I think what may diminish is the middle ground. I think that in the very short term, suites and one-and two-chair salons is where people will feel safe. The challenge with this model long term is that the career journey is lonely and physiologically challenging. Ultimately hairdressing is football not golf.
I think from a hair standpoint, the prediction I made earlier about hair being livable, being lived in, hair having texture, hair being fun and quirky, whether it’s the color or the cut… I think that will be important. I think hair not being quite so polished and finished and blow-dried and ironed and straight will be a strong direction. I think that texture will become so big that we will see the emergence of a word that we have not heard for a long time –we might call it a different thing– but I think perms are going to be big. Not perms like we remember, but with texture and movement, perms that maybe could be done every two months. Perms that connect with color. I believe that coming out of Covid-19 the salvation for many hairdressers will be creating looks that are solid cut and finish rather than looks that are only good until the client showers. This will separate the men from the boys.”

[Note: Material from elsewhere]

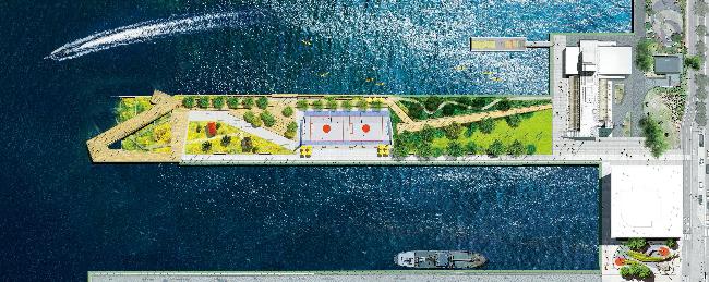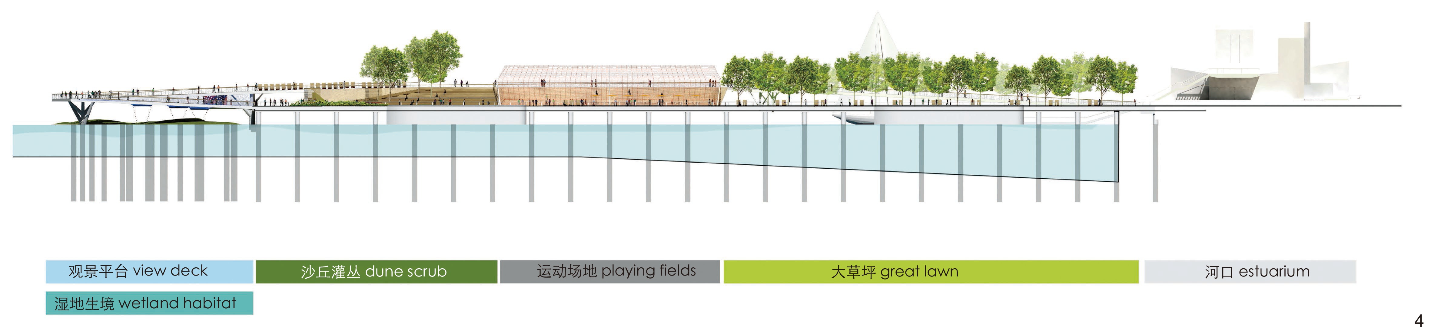 图2 将人们带到河口。码头距离海岸约260 m,经由生态规划的码头拥有灵活的游憩空间,包括运动场和一个可容纳900人的大草坪Fig. 2 Bringing people to the estuary. Reaching 850 feet from shore, the ecologically programmed pier has flexible recreation spaces with a Sport Court and a 900-person capacity Great Lawn |

Last but not least, how do you see yourself in the coming years?
“I’ve still got seven years left in me, and if hairdressers and the industry and Wella still want me, I want to continue to do what I’m doing. I am just about to head up the new Cutting Council at Intercoiffure North America, that’s exciting!
I want to continue to help hairdressers like Vidal helped me and my family, my industry, my passion.
First with Sassoon Academy and now with the amazing global Wella Education family I am in a place where I can continue to help hairdressers carry on this wonderful journey of making our craft a better place.”